↓

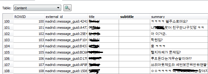 SMSSearchdb.sqlitedb 파일을 뷰어로 확인하면 다음과 같이 나타난다.
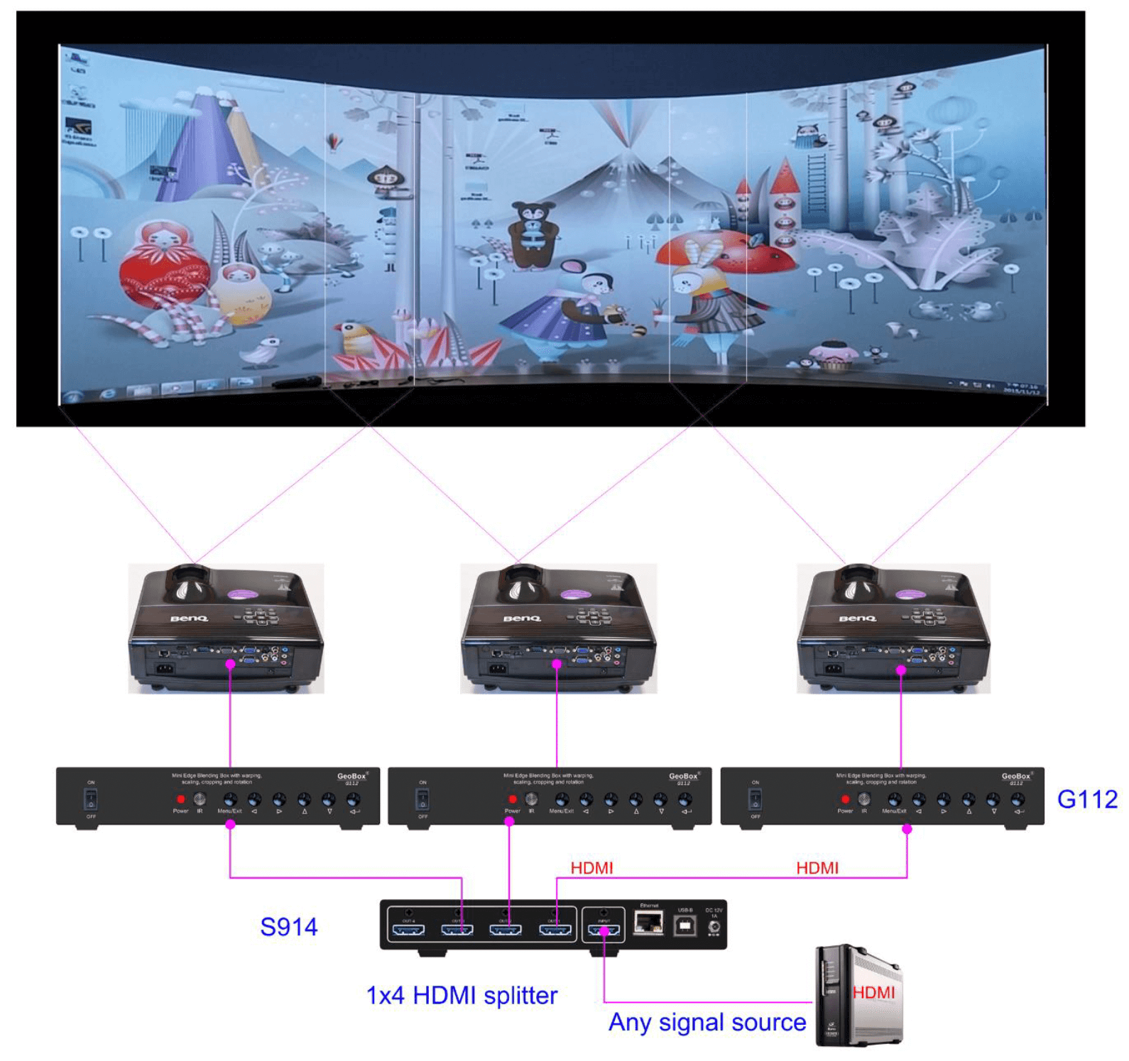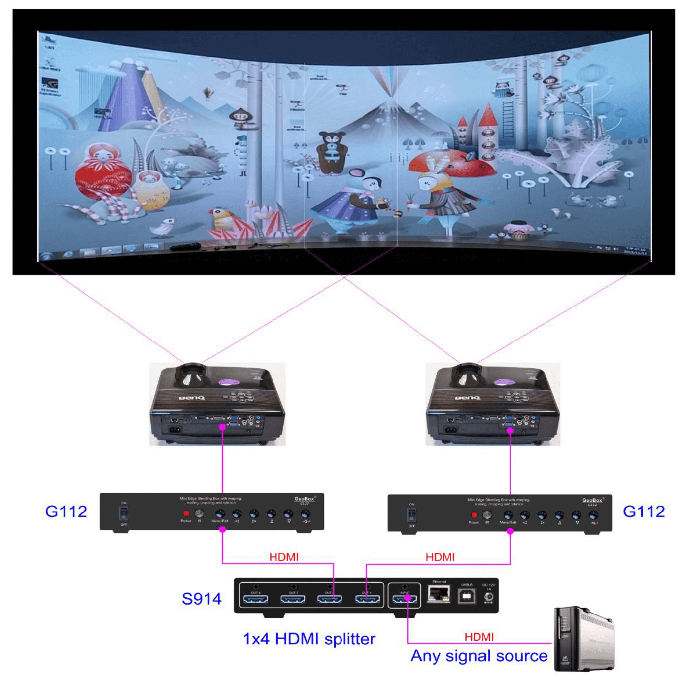 Works with HDMI splitter and multiple G112 units
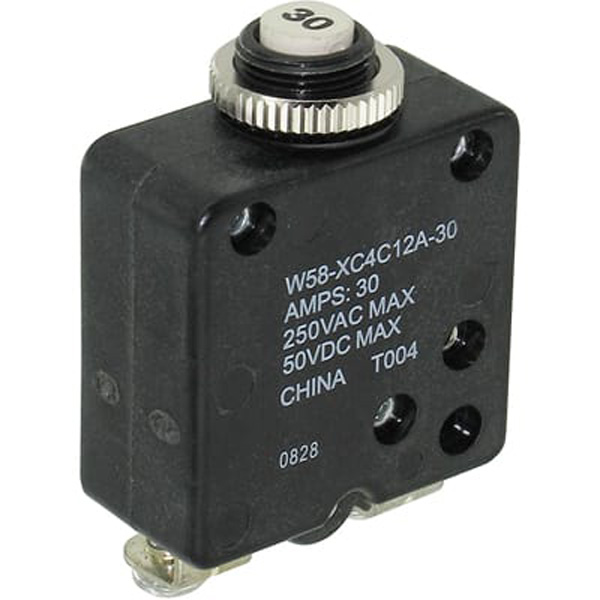 | These bi-metallic single pole breakers weigh less than 2 oz. and are especially suitable for homebuilt aircraft. Used as original equipment in Beech, Cessna and Piper aircraft. Maximum operating voltages: 32 VDC and 250 VAC (to 400 Hz). |
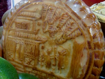 ↓顔より大きな月餅に、兎と月の模様。↓
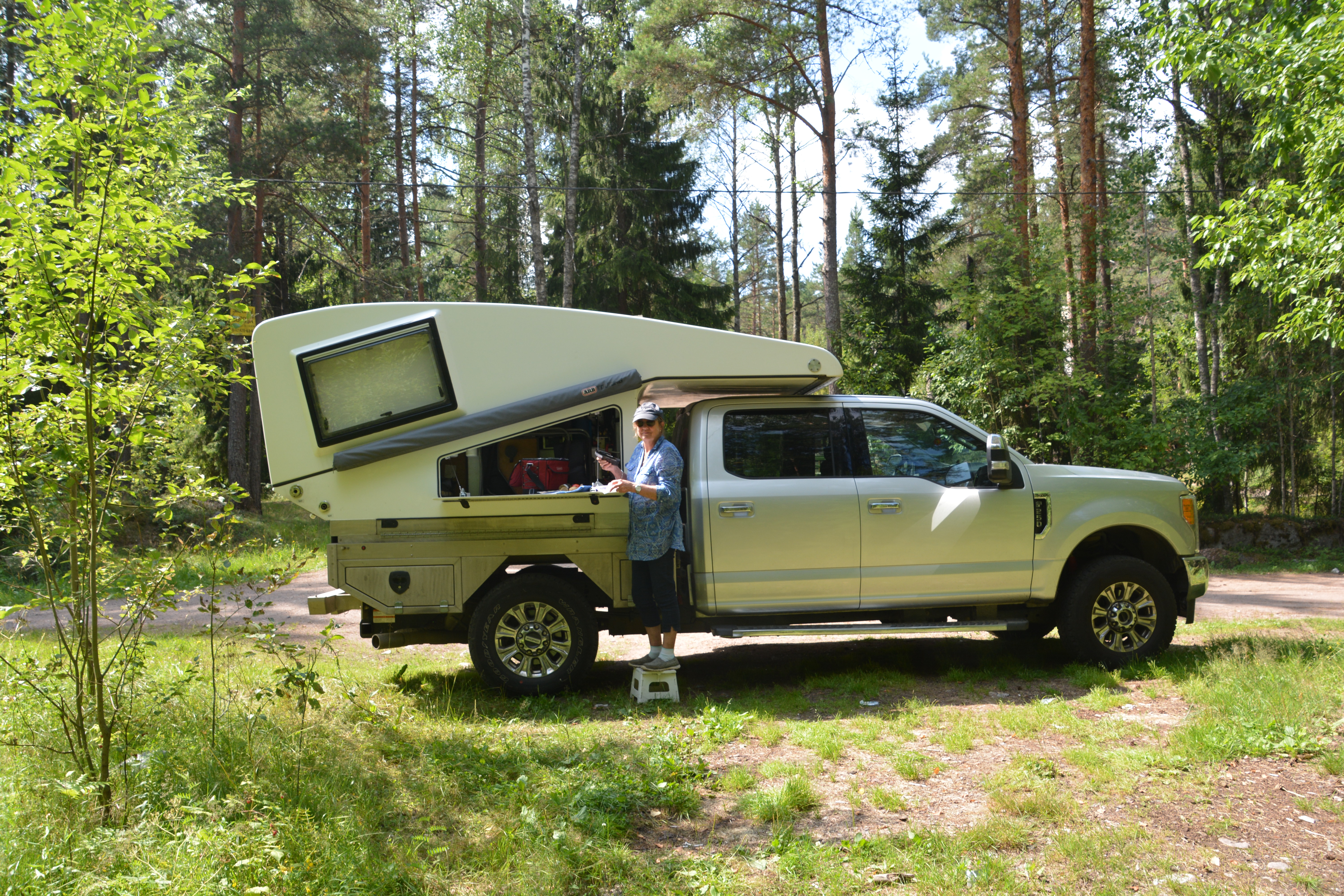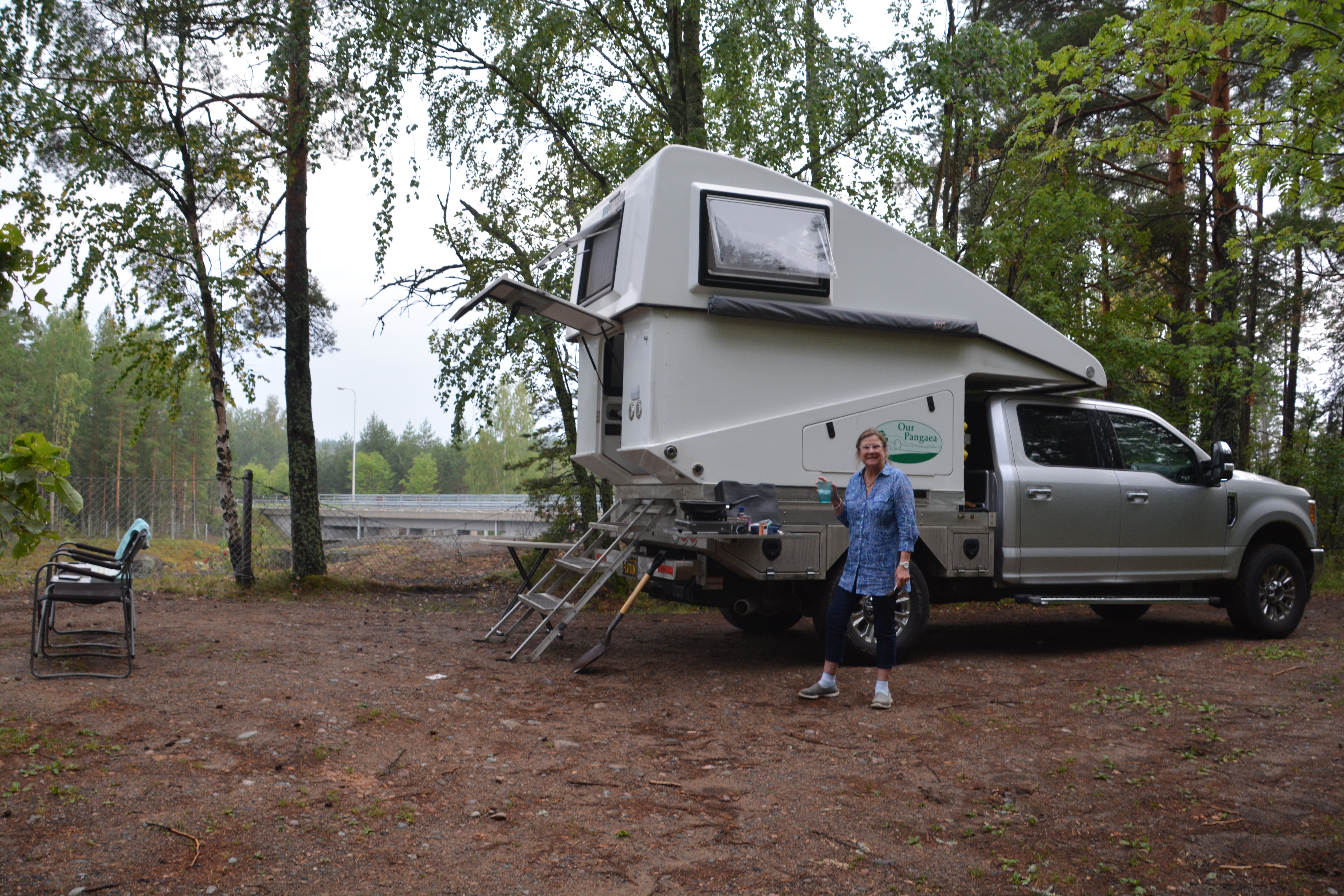 We then had the cursory search of the truck which included me raising Tramp’s top so the Customs official could look through our fridge and cupboards – the first border crossing on this trip when I had to do that – and then a polite wave through the border. That wasn’t too bad. But wait…we were flagged down at the last second and Julie was asked to step out of the car and then escorted in to sit inside. A Customs official climbed into Julie’s seat and instructed me to drive around to the huge X-ray machine nearby. After some more delays Tramp was X-rayed, the third time he’s had that privilege, Julie and I were reunited and we drove off into Russia.
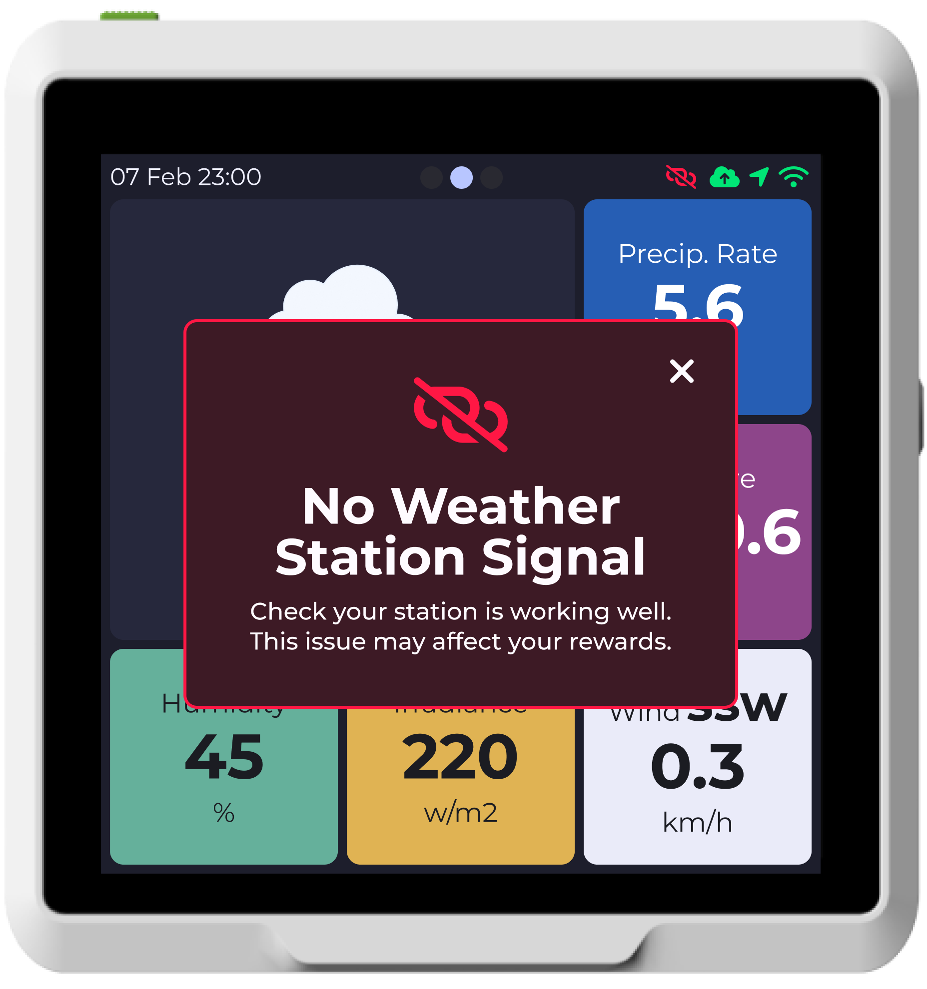 When the RF connection with the Weather Station is weak, the WG1200 Gateway will display "Station Signal is Low" resulting to Data Gaps and reduced Rewards.
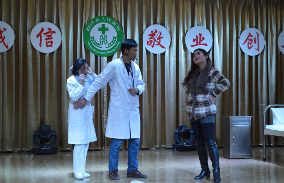 3月5日晚,在该集团的精心组织下,来自泗洪县人民医院、中医院、第三人民医院的50余名医护人员经过前期排练,一场医护人员自编自演的节目表演在洪医集团综合楼6楼第一会议室举行,以此来庆祝即将到来的“三八节”,集团领导高开亮、朱冬承、吴保安、颜小东、董红军以及受邀嘉宾汤光忻、徐炎山、许存亚、许卫国等一同观看了晚会,并为获奖节目颁奖。
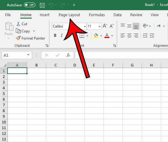 第 2 步:單擊頁面佈局窗口頂部的選項卡。
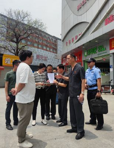 组织当事人及现场租户就如何返还商铺进行调解。通讯员供图
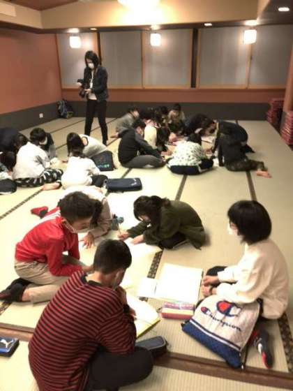 1日目の締め括りに、「振り返りタイム」を行いました。初めに、各班で今日の活動を振り返りました。次に、全体ミーティングで交流しました。最後に、明日の予定を確認しました。明日が待ち遠しいです。これから、就寝です。みなさん、おやすみなさい。

↑

Write out the data above precisely. Pictures stay out.

 SMSSearchdb.sqlitedb 파일을 뷰어로 확인하면 다음과 같이 나타난다.
 Works with HDMI splitter and multiple G112 units
 | These bi-metallic single pole breakers weigh less than 2 oz. and are especially suitable for homebuilt aircraft. Used as original equipment in Beech, Cessna and Piper aircraft. Maximum operating voltages: 32 VDC and 250 VAC (to 400 Hz). |
 ↓顔より大きな月餅に、兎と月の模様。↓
 We then had the cursory search of the truck which included me raising Tramp’s top so the Customs official could look through our fridge and cupboards – the first border crossing on this trip when I had to do that – and then a polite wave through the border. That wasn’t too bad. But wait…we were flagged down at the last second and Julie was asked to step out of the car and then escorted in to sit inside. A Customs official climbed into Julie’s seat and instructed me to drive around to the huge X-ray machine nearby. After some more delays Tramp was X-rayed, the third time he’s had that privilege, Julie and I were reunited and we drove off into Russia.
 When the RF connection with the Weather Station is weak, the WG1200 Gateway will display "Station Signal is Low" resulting to Data Gaps and reduced Rewards.
 3月5日晚,在该集团的精心组织下,来自泗洪县人民医院、中医院、第三人民医院的50余名医护人员经过前期排练,一场医护人员自编自演的节目表演在洪医集团综合楼6楼第一会议室举行,以此来庆祝即将到来的“三八节”,集团领导高开亮、朱冬承、吴保安、颜小东、董红军以及受邀嘉宾汤光忻、徐炎山、许存亚、许卫国等一同观看了晚会,并为获奖节目颁奖。
 第 2 步:單擊頁面佈局窗口頂部的選項卡。
 组织当事人及现场租户就如何返还商铺进行调解。通讯员供图
 1日目の締め括りに、「振り返りタイム」を行いました。初めに、各班で今日の活動を振り返りました。次に、全体ミーティングで交流しました。最後に、明日の予定を確認しました。明日が待ち遠しいです。これから、就寝です。みなさん、おやすみなさい。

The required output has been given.